In its response filed this month to the suit, the S.C. Attorney General’ Office, which is representing the state, denied most of the claims in the case, contending that it presents “political questions that are for the General Assembly to determine and are not for judicial review.”
The S.C. Department of Revenue also is a defendant in the suit.
As of late last week, the S.C. Supreme Court had not decided whether to grant the South Carolina Manufacturers Alliance’s request to be an “intervenor,” or party, to the suit, a court spokeswoman said.
In its petition to join the suit, the alliance said it has a “definite interest in preserving the existing sales tax exemptions provided to its members.” Because South Carolina has the “highest property taxes in the nation to manufacturers,” the total state tax burden is “ameliorated in part by a number of sales tax exemptions granted specifically to manufacturers,” according to the petition.
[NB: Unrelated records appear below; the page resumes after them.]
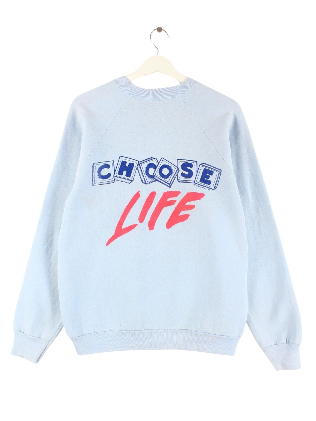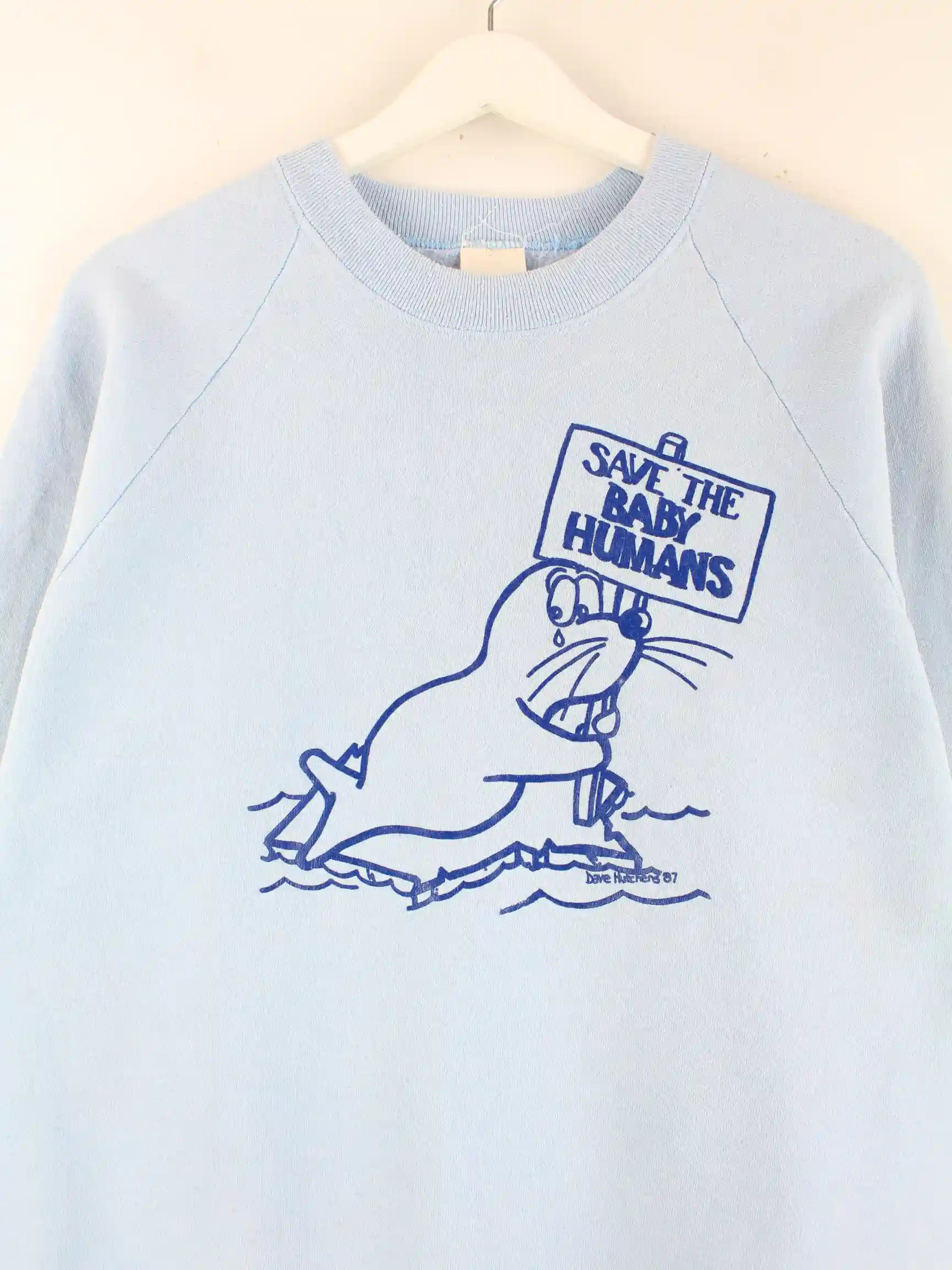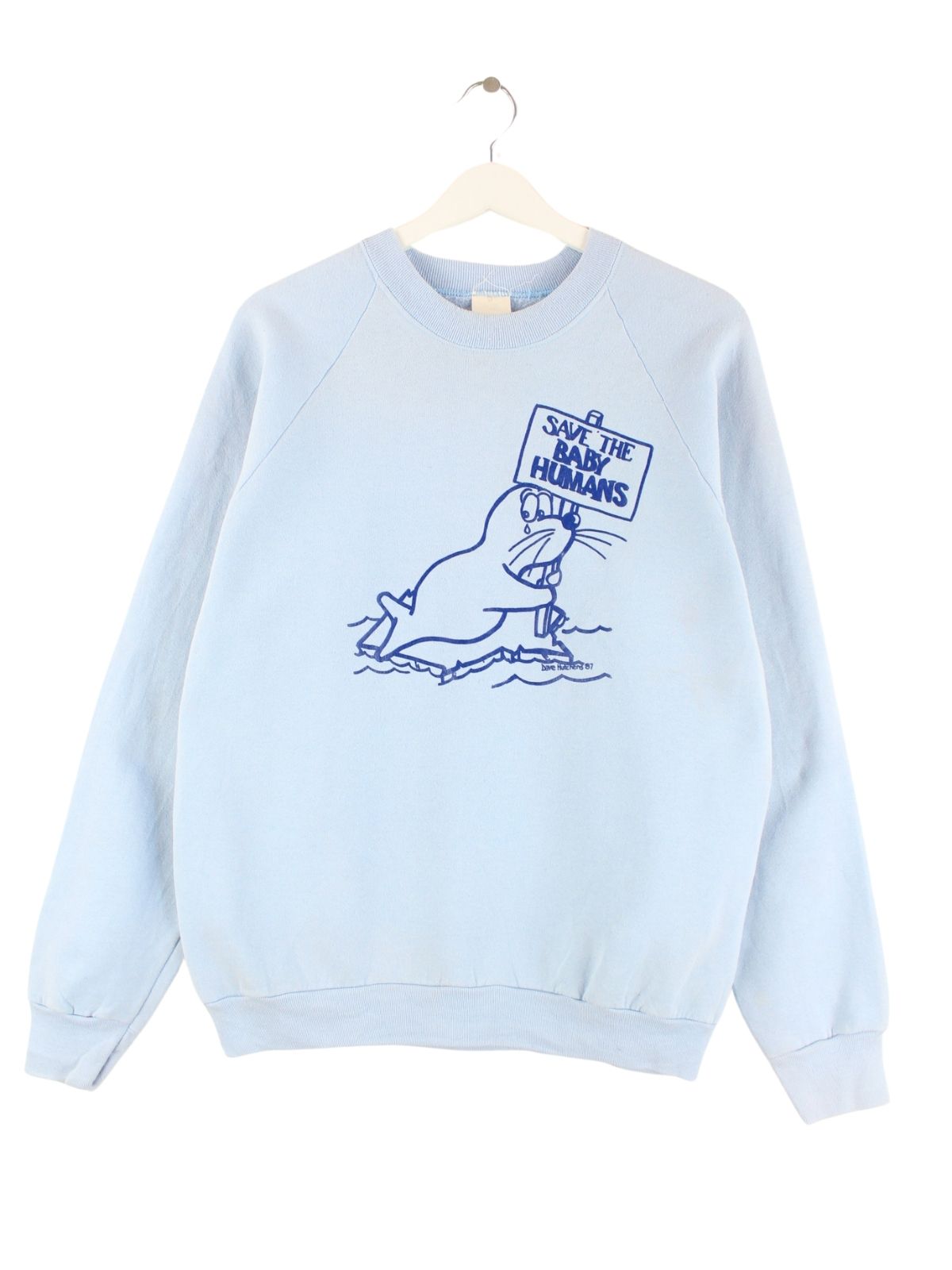 Fruit of the Loom 1989 Vintage Save The Humans Print Sweater Blau L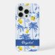 Blue Toile Palm Trees Lemons Monogram Name iPhone. Bring a splash of tropical coastal charm to your daily routine with this lovelyphone case featuring a light blue striped background adorned with sketched blue palm trees and vibrant yellow lemons. Customizable white script lettering, for your name making it a stylish accessory. Choose your case and phone type. Contact the designer for any customization questions.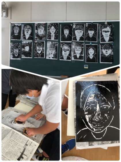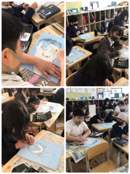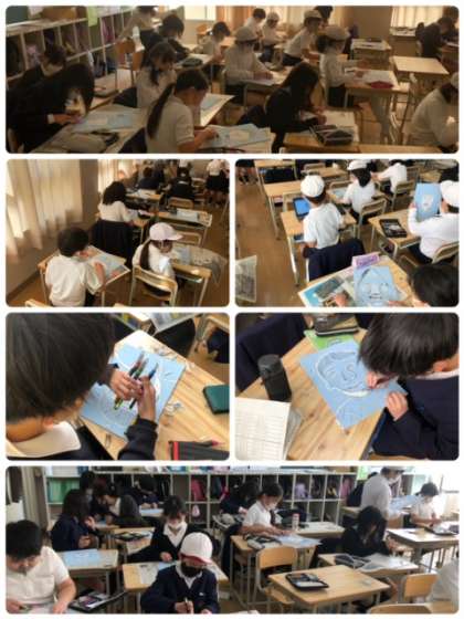 4年生も図工科で彫刻刀を使い自画像を彫っています。それぞれの個性をしっかり出せるように、丁寧に活動を進めています。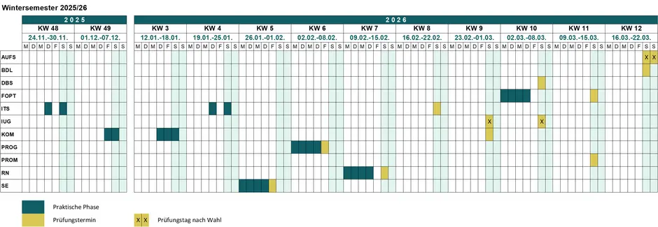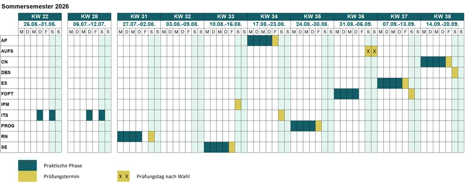 Ausführliche Informationen zu den einzelnen Modulen finden Sie auf den Modulseiten. Bitte beachten Sie, dass die konkreten Termine für Tutorien, praktische Phasen, Prüfungen usw. erst kurz vor Kursbeginn bekanntgegeben werden können. Darüber hinaus behalten wir uns kurzfristige Änderungen der Durchführung vor.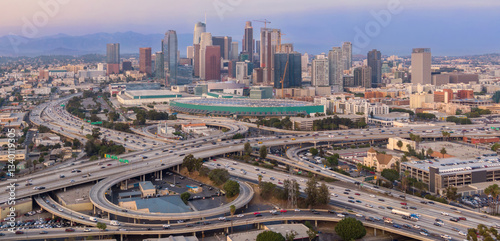 Aerial view of the Los Angeles skyline and freeway interchange in California, USA. Cars are traveling on the highway, connecting the city.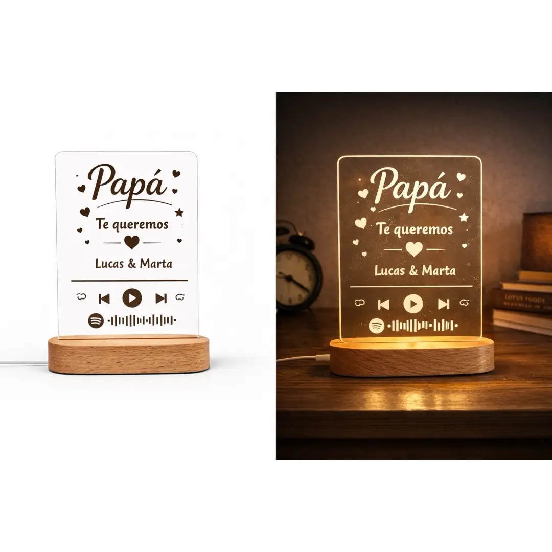 La lámpara papá personalizada es un regalo cargado de emoción que combina diseño, luz y sentimiento. Puedes personalizarla con los nombres de los hijos, una frase especial o una dedicatoria, creando un recuerdo que papá verá cada día.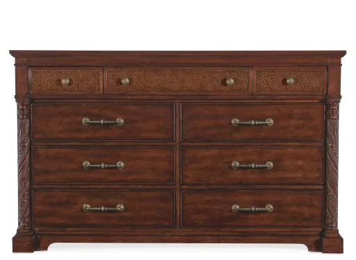 The tropical craftsmanship and botanical carving of the West Indies meets southern charm with the Charleston Nine-Drawer Dresser. Crafted of Cherry Veneers, Cane and Resin, the top three drawers have cane insets on the drawer fronts and removable felt liners inside. Front posts on either side have leaf motif carving. The center top drawer has a removable felt jewelry tray and the bottom two drawers are cedar-lined. The dresser is finished in Maraschino Cherry using natural grain Cherry Veneers showcasing a dramatic cathedral structure with naturally occurring knots to deliver a rich warm finish and a smooth sophisticated aesthetic. The round knob and bar pull hardware is finished in an antique bronze.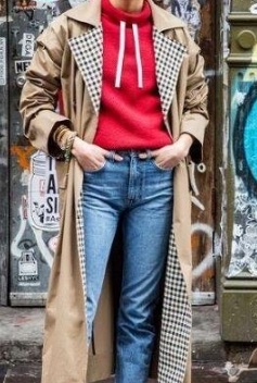 白色靴子搭配长款卡其风衣,拉风帅气,内搭红色卫衣,下装搭配基础款的牛仔裤,简约时尚,小部分的红色为沉闷的冬季增添一抹生机,更显俏皮。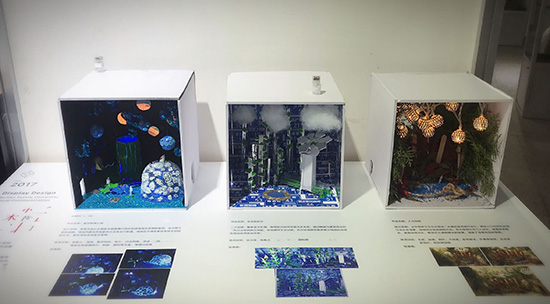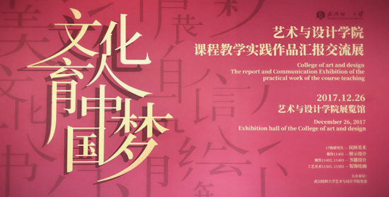 一楼展厅展出。展览汇集了民间美术、展示设计、书籍设计、装饰绘画等4门实践课程,覆盖了17级研究生、14级本科生、15级本科生等三个年级学生,遴选出百余件课程实践作品。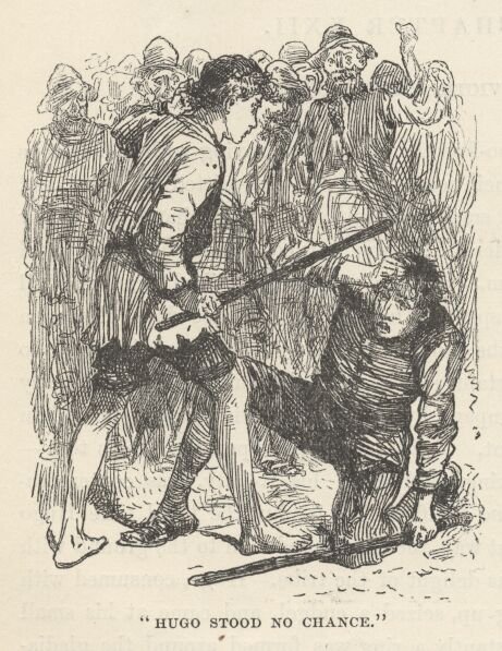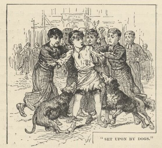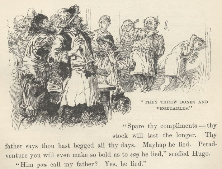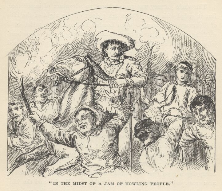 ここで、嘲笑する群衆が哀れな小さな王子の周りに集まり、彼を道のずっと先まで押しやり、野次を飛ばし、叫んだ。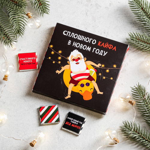 Каждая шоколадка упакована в индивидуальную этикетку с пожеланием.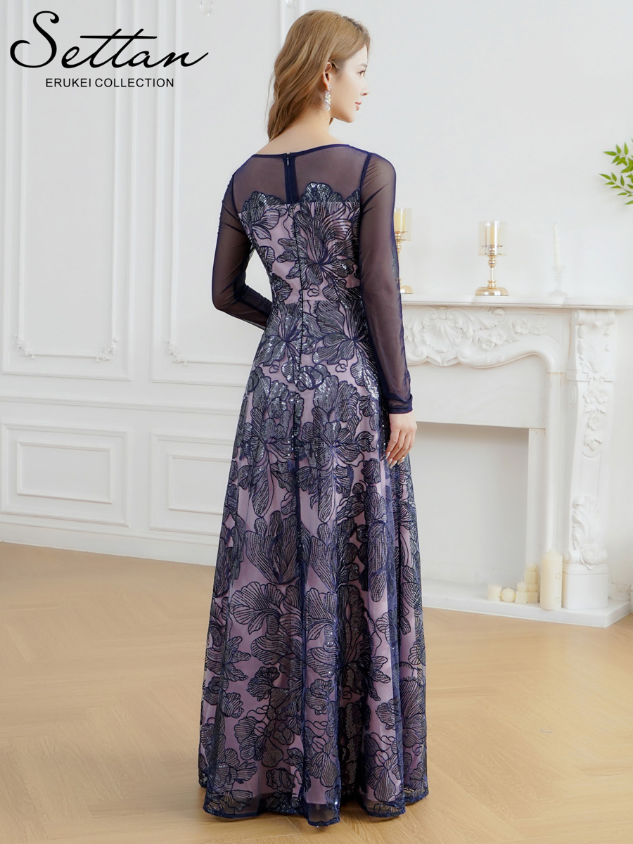 [送料無料][SETTAN]グリーン・ネイビー・花柄・シアー・チュールレース・スパンコール・長袖・ロングスリーブ・Aライン・フレア・ロングドレス[即日発送][大きいサイズあり] [S25403]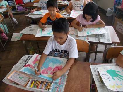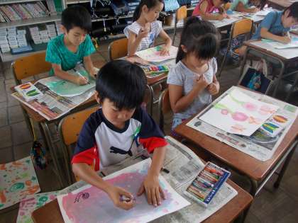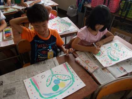 今日は、図工「とろとろえのぐでかく」の仕上げをしました。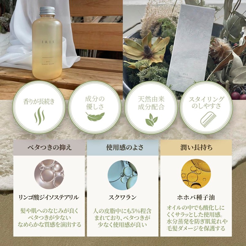 IRIS OIL SUNSETGLOW Hair Oil, Non-Rinsing Treatment, Styling, 5.1 fl oz (150 ml), Non-sticky, Smooth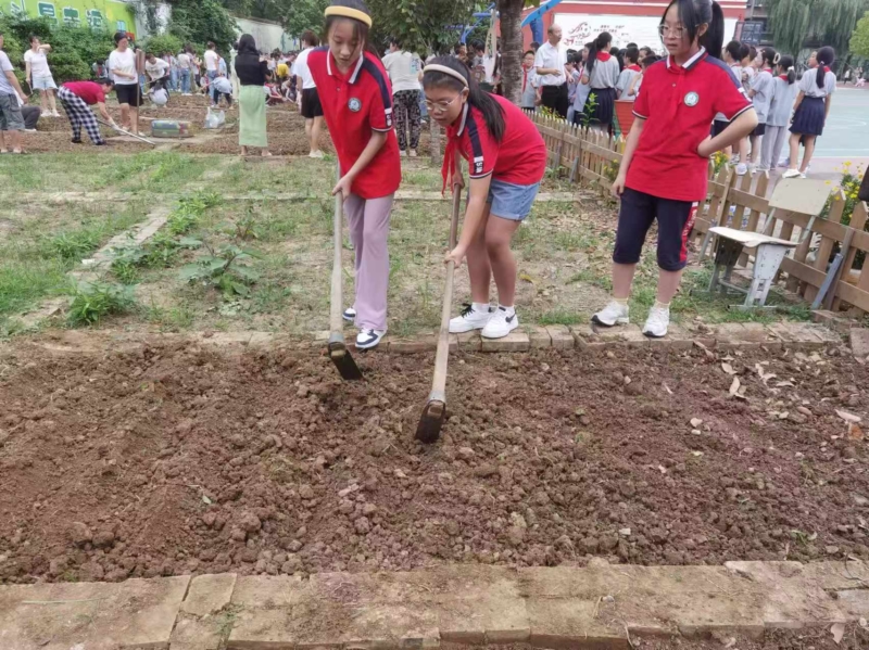 仪式上,各班学生代表介绍了自己班级农耕基地名字的由来及寓意。活动中,师生及学生家长们手持工具,满怀激情地投入到土地的翻整和作物的种植中。家长代表不仅指导学生如何正确使用工具、如何科学种植,还与师生一起劳动、交流心得。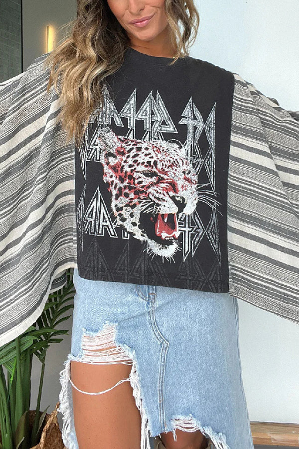 Unique Ethnic Print Batwing Sleeve Loose Top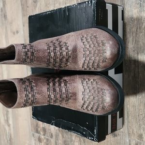 NOT RATED KYLA FAUX LEATHER WOVEN BLOCK HEEL WESTERN ANKLE BOOTIE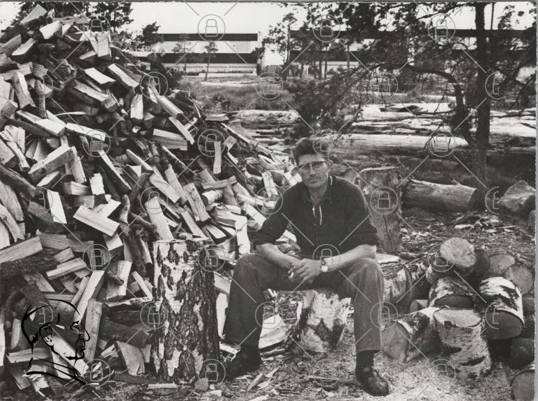 ved, vedstapel, man, skog, trä, natur, arbete, landskap, 1900-tal, svartvitt, kläder, glasögon, avkoppling, utomhus, tradition, hantverk, miljö, sommar, jordbruk, livsstil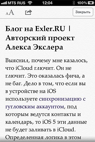 Safari за 2,5 года использования iPhonе 3G у меня вылетал считанное число раз, и только при открытии очень тяжёлых страниц, типа Тёминых фотоотчётов. За 4 дня использования iPhone 4S Safari вылетел уже раз пять. Пару первом использовании приложение "Камера" завесило айфон, пришлось перезагружать. Похоже, Эппл скопировал у Гугла не только экран уведомлений, синхронизацию и апдейты по воздуху, но манеру выпускать неоттестированный софт с кучей мелких багов (увы, знаю не понаслышке - полгода пользовался двумя гуглофонами 😒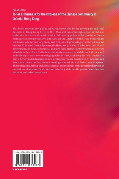 This book analyses how public toilets were provided by the government and local business in Hong Kong between the 1860s and 1930s through a process that was embedded in class and racial politics. Addressing public toilet provision from a political economy perspective, it focuses on the interplay of the cross-border night soil business between Hong Kong and China's silk producing area; the silk market between China and Colonial powers; the Hong Kong land market between the colonial government and Chinese business; and how these factors jointly produced a network of toilets in the colony. As the book shows, the commercial viability of toilets created multiple logics and a new moral geography; further, exploring the topic can help us gain a better understanding of how urban governance functioned in colonies and how it intertwined with economic contingencies within a global economic system. The intended readership includes academics and members of the general public with an interest in colonialism, public infrastructures, public health, government-business relations, and urban governance.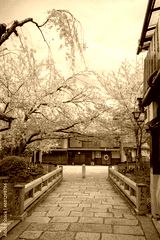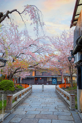 Tatsumi bashi bridge over Shirakawa river in Gion district, Kyoto, Japan

The alliance’s attorney is Burnie Maybank of the go-to economic development law firm of Nexsen Pruet in Columbia. Maybank, a former two-time director of the Department of Revenue, was a key player in the state’s half-billion-dollar-plus incentives deal for the Boeing plant in North Charleston.
He also chaired the legislatively created Taxation Realignment Commission, which issued a report in December that left sales tax exemptions for manufacturers in place.
A hearing on the Bodman case likely will not be heard until this fall at the earliest when the court’s regular session of oral arguments resumes. Legal briefs are expected to be filed this summer under scheduling rules.
Meanwhile, The Nerve reported earlier this month that state Rep. Shannon Erickson, R-Beaufort, has filed a bill (H. 4271) that would do away with sales tax exemptions – except for those already in place for food, medicine, durable medical equipment and utility bills – in exchange for reducing the state sales tax rate to 3.85 percent from 6 percent.
Given that the bill was filed at the end of this legislative session, it likely will not be considered until the next regular session in January.